|Publication number||US7337989 B1|
|Application number||US 11/691,035|
|Publication date||Mar 4, 2008|
|Filing date||Mar 26, 2007|
|Priority date||Mar 26, 2007|
|Also published as||EP2124692A1, WO2008118447A1|
|Publication number||11691035, 691035, US 7337989 B1, US 7337989B1, US-B1-7337989, US7337989 B1, US7337989B1|
|Inventors||Thomas A. Penner, Brenten T. Nauslar, Cathal L. Fahy|
|Original Assignee||S.C. Johnson & Son, Inc.|
|Export Citation||BiBTeX, EndNote, RefMan|
|Patent Citations (28), Referenced by (10), Classifications (19), Legal Events (2)|
|External Links: USPTO, USPTO Assignment, Espacenet|
This invention relates to sprayers that are designed to automatically clean shower/bathing enclosures (especially those in residential buildings). More particularly, it relates to rotating sprayers having a nozzle which permits the verticality of the spray direction to be adjusted to account for different size enclosures and hard to clean localized stains.
The walls/doors of shower enclosures can become mildewed, coated with soap build up, hard water and/or mineral deposits, or become otherwise soiled, during typical use. Removing these deposits and stains has in the past required one to scrub the walls and doors by hand, particularly if significant amounts of time have passed between cleanings.
To assist in this task, cleaning chemicals have been sprayed, squirted, or otherwise applied on the surfaces to be cleaned. The walls are then scrubbed with a cloth, brush, or scrubbing pad, and then rinsed with water.
More recently some of these cleaners have been designed so that the amount of scrubbing can be reduced or even eliminated without compromising cleaning, particularly where the cleaners are sprayed on a daily basis. See generally, WO 96/22346 and WO 98/02511. These cleaners are designed so as not to themselves leave spots or other visible stains, even if not rinsed off for hours or days after application.

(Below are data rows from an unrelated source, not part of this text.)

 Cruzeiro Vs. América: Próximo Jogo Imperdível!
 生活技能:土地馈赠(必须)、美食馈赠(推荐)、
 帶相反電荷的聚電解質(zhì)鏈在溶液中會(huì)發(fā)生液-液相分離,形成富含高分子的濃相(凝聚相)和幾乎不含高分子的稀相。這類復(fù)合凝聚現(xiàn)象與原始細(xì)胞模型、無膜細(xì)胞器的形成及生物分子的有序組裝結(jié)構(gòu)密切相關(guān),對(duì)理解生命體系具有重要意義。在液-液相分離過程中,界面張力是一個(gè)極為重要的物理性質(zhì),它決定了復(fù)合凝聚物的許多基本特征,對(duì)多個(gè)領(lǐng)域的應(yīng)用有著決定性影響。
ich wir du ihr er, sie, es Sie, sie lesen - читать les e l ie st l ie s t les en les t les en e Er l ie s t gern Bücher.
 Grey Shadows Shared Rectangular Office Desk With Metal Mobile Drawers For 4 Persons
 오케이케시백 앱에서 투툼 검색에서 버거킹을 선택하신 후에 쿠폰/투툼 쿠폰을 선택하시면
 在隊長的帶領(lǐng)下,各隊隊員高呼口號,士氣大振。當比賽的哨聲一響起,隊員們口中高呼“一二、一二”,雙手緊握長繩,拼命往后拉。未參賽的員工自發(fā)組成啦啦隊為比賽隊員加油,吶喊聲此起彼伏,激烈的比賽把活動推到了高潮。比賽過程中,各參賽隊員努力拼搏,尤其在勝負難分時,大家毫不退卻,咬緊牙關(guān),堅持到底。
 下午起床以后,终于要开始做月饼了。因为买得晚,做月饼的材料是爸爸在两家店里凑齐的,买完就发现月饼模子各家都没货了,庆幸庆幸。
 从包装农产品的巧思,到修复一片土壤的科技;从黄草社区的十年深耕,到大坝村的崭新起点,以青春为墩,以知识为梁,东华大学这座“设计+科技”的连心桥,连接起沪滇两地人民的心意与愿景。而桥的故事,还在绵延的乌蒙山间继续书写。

“No scrub” cleaners are preferably applied after the shower has been used. This is accomplished by a consumer keeping a pump spray bottle of the cleanser in or near the shower enclosure, remembering to do the spraying (which may be problematic if the consumer has just woken up), and being willing (or able) to spend the time necessary to spray the enclosure.

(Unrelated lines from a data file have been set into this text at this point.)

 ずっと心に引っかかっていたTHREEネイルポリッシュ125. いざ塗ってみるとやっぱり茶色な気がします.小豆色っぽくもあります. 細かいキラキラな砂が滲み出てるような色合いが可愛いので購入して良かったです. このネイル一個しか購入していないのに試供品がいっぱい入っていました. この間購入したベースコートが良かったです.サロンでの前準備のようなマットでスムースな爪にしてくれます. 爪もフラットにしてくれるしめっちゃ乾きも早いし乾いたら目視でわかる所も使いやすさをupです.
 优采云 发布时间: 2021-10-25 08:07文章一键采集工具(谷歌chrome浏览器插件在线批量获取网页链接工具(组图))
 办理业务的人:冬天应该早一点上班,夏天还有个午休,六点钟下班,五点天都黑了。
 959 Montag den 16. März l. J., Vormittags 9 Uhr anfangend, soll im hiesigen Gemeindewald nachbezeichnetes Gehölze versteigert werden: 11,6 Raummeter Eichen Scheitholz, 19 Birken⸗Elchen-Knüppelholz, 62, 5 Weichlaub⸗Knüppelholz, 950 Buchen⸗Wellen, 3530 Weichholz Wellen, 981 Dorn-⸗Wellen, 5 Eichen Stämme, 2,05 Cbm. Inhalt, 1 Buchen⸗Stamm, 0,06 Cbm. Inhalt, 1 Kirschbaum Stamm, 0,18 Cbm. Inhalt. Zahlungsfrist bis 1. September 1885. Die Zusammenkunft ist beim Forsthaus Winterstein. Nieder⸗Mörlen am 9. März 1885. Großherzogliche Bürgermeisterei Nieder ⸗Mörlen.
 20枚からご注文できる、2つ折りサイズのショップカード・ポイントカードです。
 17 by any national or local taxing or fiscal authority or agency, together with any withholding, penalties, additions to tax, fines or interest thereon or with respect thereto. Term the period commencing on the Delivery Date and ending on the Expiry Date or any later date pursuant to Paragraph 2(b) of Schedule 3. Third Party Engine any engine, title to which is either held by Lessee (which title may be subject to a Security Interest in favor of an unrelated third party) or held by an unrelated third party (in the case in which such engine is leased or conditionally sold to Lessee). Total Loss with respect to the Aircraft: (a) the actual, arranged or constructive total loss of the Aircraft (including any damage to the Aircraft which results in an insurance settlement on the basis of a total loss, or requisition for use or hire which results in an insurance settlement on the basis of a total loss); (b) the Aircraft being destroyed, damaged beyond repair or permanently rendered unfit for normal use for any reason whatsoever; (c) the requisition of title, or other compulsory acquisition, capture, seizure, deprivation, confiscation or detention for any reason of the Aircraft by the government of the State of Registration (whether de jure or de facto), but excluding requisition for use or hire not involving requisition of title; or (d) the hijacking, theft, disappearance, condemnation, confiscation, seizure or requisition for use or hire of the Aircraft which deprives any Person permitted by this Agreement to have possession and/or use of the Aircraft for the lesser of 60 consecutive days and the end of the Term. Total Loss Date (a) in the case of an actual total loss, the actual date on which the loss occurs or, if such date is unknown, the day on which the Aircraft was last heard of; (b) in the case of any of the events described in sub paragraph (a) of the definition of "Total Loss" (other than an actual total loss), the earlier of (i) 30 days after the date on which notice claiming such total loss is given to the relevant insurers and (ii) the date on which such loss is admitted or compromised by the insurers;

An alternative no scrub approach is to provide an automated sprayer device for a shower. For example, U.S. patent application publication 2004/0050959 discloses an automated cleansing sprayer that uses an internal pump to spray cleaning fluid from a reservoir out from a rotating nozzle against enclosure walls. One presses an activation button, leaves the shower, and lets the device run through a spraying cycle. There is no need for scrubbing the enclosure walls, or rinsing off the cleaning liquid.

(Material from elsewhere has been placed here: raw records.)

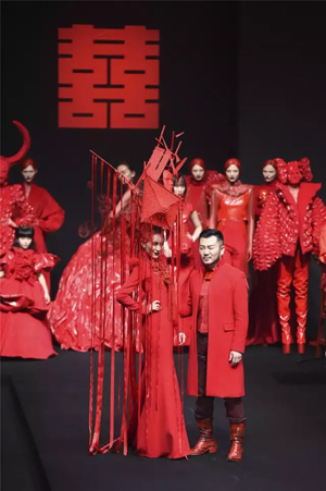 看點三 SheguangHu·胡社光:是你想要的“囍”紅嗎? 胡社光這個名字,近些年越來越自帶光芒,時尚圈內外似乎無人不曉,路人甲也能拿那套“花棉襖”侃侃時尚,無論你喜不喜歡“花布棉襖”,或者需不需要“病號服”,不得不承認,胡社光很“紅”。 無論是江河山川之紅、喜宴慶典之紅、京劇國粹之紅、生命靈性之紅都匯聚成這一系列的主題色調,附加在了這一系列作品的主題:中國人最喜歡的“囍”字上。
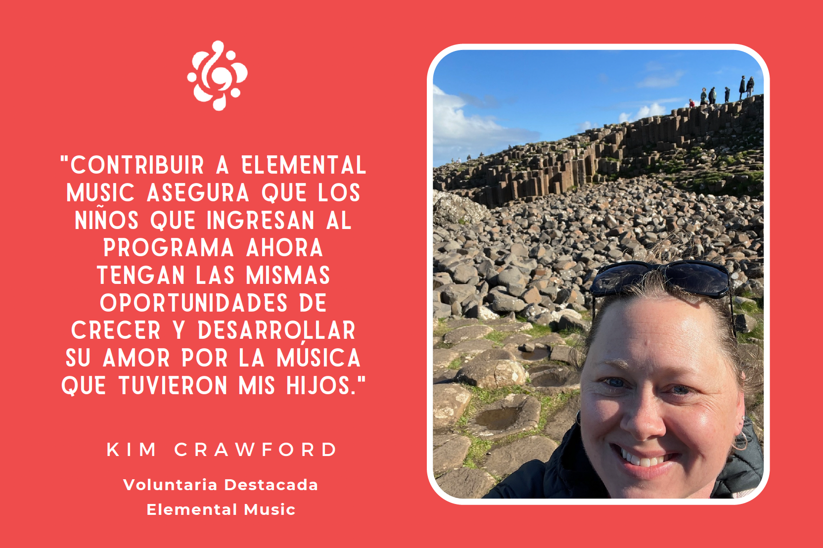 Kim Crawford: Comencé a ofrecerme como voluntaria para Elemental Music en 2018, cuando se estableció el Parent Task Force (el Grupo Operativo de Padres). En ese momento, ya tenía 3 hijos involucrados en Elemental Music (y otro pronto comenzaría), por lo que sabía la importancia y la calidad de los programas.
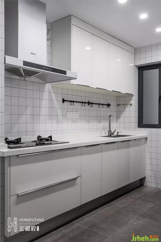 厨房内选用网红格子砖,简单素雅,线条纹路使得厨房空间更加整洁。

However, not all enclosures are of the same size. For example, some shower enclosures are essentially square in top view and relatively small. Some bathing enclosures are elongated rectangular in top view and much larger. A rotating nozzle configured to clean a small shower may not direct cleaning liquid to all of the desired portions of a larger bathing enclosure.
To address that concern, one might use multiple nozzle holes to spread the spray more widely, or configure the device at a compromise setting half-way between optimized settings for the largest and smallest expected enclosures. However, either such approach might require extra cleaning liquid to achieve the desired cleaning.
Further, where such devices are first installed after an enclosure has already become heavily stained in a localized manner, there is a desire to use extra cleaner on the most stained area. However, such devices are designed to spray in a more uniform manner as a general rule. This may lead a consumer to use extra cycles of the device to achieve cleaning, and/or a consumer becoming dissatisfied with the cleaning performance.
In unrelated work U.S. Pat. Nos. 5,992,404, 5,536,200 and 5,248,094 showed various structures for pointing nozzles. However, these systems were not easily adaptable to the present environment. For example, the use of a universal nozzle joint in the context of the present device would be unsuitable as rotational forces would be likely to drive the nozzle out of the selected position.
Hence, a need still exists for improved automated shower cleaners, particularly with respect to capability of adjusting for different size enclosures and providing for localized stain treatment capability.
In one aspect the invention provides an automated sprayer for spraying an enclosure with a liquid cleanser. There is a spray head having an outlet through which cleanser can be expelled during operation of the sprayer (if the sprayer is linked to a supply of such liquid cleanser). There is also a nozzle positioned on the outlet, and a motor for rotating the spray head (preferably around an essentially vertical axis).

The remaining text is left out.